In a study of analysts of various persuasions in the United States and Britain, V. Hamilton (1996) found that with the exception of a handful of Freudians and British Independents, the majority in all orientations no longer focus on gathering associations to individual dream elements. This "new normal" would, no doubt, shock and dismay many analysts belonging to what is now apparently the associational minority. V. Hamilton's data suggested that in clinical and educational settings today, analysts of diverse persuasions apparently feel they can work with predominantly manifest content to good effect. This reality does not, of course, negate the possibility that one might function to even better effect by collecting more associational material. In that regard, it was interesting to hear that more than one analyst in V. Hamilton's study admitted they did not really feel competent to work intensively with dreams.
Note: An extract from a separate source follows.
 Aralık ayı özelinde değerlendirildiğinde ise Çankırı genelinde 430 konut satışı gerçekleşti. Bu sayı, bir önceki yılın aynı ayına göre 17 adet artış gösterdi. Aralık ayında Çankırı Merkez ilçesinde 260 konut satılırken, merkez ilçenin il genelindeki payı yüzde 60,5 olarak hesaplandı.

I address such intriguing findings more in later sections of this book concerned with psychoanalytic training.

Erikson (1954) believed compulsive adherence to official mantras deriding the manifest seriously "hindered a full meeting of ego psychology and the problems of dream life" (p. 17) to the detriment of both theory and practice. In a similar vein, Lansky (1992) asserted that such dogmatic rigidity had adverse consequences not only for theory and clinical practice but that the "legacy of contempt for and suspicion of" (p. 15) the manifest had also systematically undercut psychoanalytic research.
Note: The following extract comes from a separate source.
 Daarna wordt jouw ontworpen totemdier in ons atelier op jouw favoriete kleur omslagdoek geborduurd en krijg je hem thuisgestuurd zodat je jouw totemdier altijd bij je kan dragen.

Studying clinical reports, one sometimes wishes for more associative material. Nonetheless, in the case I am scrutinizing, considering the variables cited by Freud (1916/1972) as frequently sufficient for meaningful interpretation, it can be said that Kohut provided ample information concerning his analysand's "personality, circumstances in which he lives and the impressions which preceded the occurrence of" (p. 115) at least some of the dreams. Furthermore, Kohut proffered not just one nocturnal hallucination, but a sequence of three (plus relevant historical and transferential material). I will endeavor to meticulously mine these confluent, mutually enhancing data sources to explore Kohut's hypothesis and my own.

Via Regia

Through the medium of three dreams, Kohut served his readers a concentrated glimpse into the complex psychic reality of his analysand. Their significance and utility reminds one of Erikson's (1958) astute comment in another of his penetrating contributions, "The Nature of Clinical Evidence":

The experienced dream interpreter often finds himself "reading" a dream report as a practitioner of medicine scans an x-ray. Especially in cases of wordy or reticent patients or of lengthy case reports, a dream often lays bare the stark inner facts. (p. 257)

My experience working with Kohut's dreams (including the progression of meaning evolving across them) strongly accords with Erikson's insight.

Each nocturnal phantasy presented by Kohut can be contemplated separately. Each contains enough food for thought to constitute a meal on its own. Alternatively, the dreams may be enjoyed as integral parts of a more encompassing, sumptuous, three-course repast. Both perspectives have merit. I approach the buffet both ways. With this in mind, let us venture to the banquet and delve deeply into Kohut's account to see what we can learn.